# Having cable routing issues on my new S2...HELP!



## skygodmatt (May 24, 2005)

Man, 

I am so frustrated with the shifter cable routing on my new S2 I bought yesterday! I feel like throwing the thing off a cliff. Still can't get it. What's the secret? Also, if I do get it right, won't the tight bends degrade the shifting performance due to cable drag? I was thinking about getting NOKON cables for it since they bend tight and just paying the shop. 
What a major freaking PITA. 

Any experienced S2 builders want to chime in? 
Thanks for your help. 

-Matt ( the frustrated one) .


----------



## Guest (Aug 13, 2009)

http://www.competitivecyclist.com/za/CCY?PAGE=WHATS_NEW&WHATS_NEW.ID=257&PRSET_VERSION=1&RSS=TRUE

If you haven't read this maybe it will help.


----------



## skygodmatt (May 24, 2005)

I saw that.
My problem was routing the cables and housing inside the frame. After a couple of hours I gave up. Today I brought it down to the Cervelo dealer and in 10 minutes they had it done. Just like that. 

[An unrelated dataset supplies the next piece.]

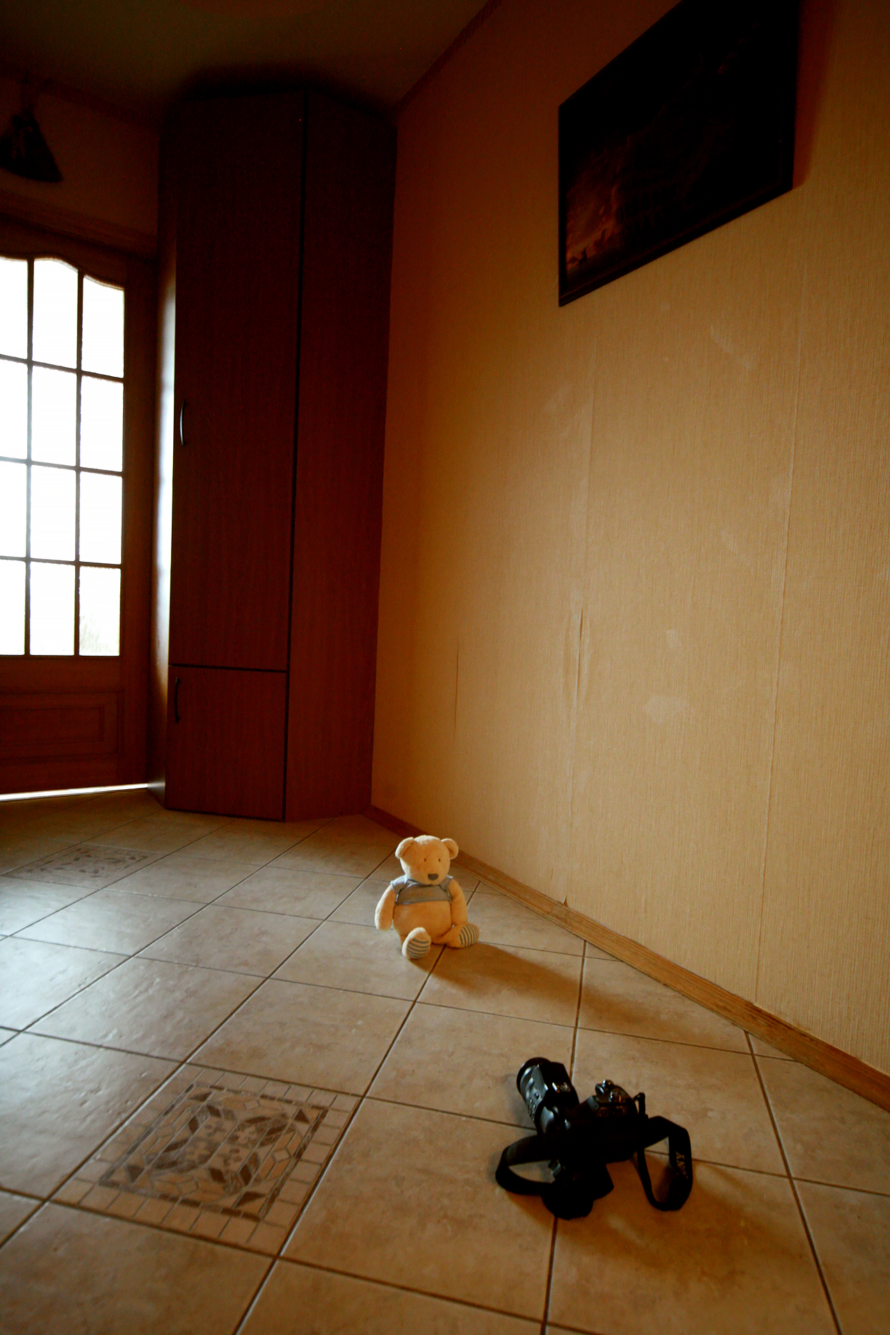 Wir haben folgende Lichtsituation: einen dunklen Flur mit einem schwachen bläulichen Licht auf der einen Seite und einem schwachen gelblichen Licht auf der anderen Seite. Wenn wir ohne Blitz fotografieren würden, müssten wir die ISO-Empfindlichkeit stark erhöhen – und das bedeutet, wie wir alle wissen, Bildrauschen. Außerdem käme es zu einer Vermischung der Farbtemperaturen (manchmal ist dieser Effekt interessant, aber in diesem Fall unerwünscht).

Also, I routed the housings similar to Andy at Competitive Cyclist but used a piece of clear tubing instead. The housings go right over the top of the stem about a centimeter above and then split off at about 3/4 of the stems length. I can turn the bars 90 degrees and have zero interference and zero cable rub on both the frame and stem.. There is no friction on the cables themselves and I bought the Gore cables which are SMOOTH. 

I finished building it today and rode it to dial it in. My S2 is a stealth ship. Not a ping, pang,or pong even on the bumps. Total silence.
It's fantastic. 
Standby for a ride report with photos.
Thanks!


----------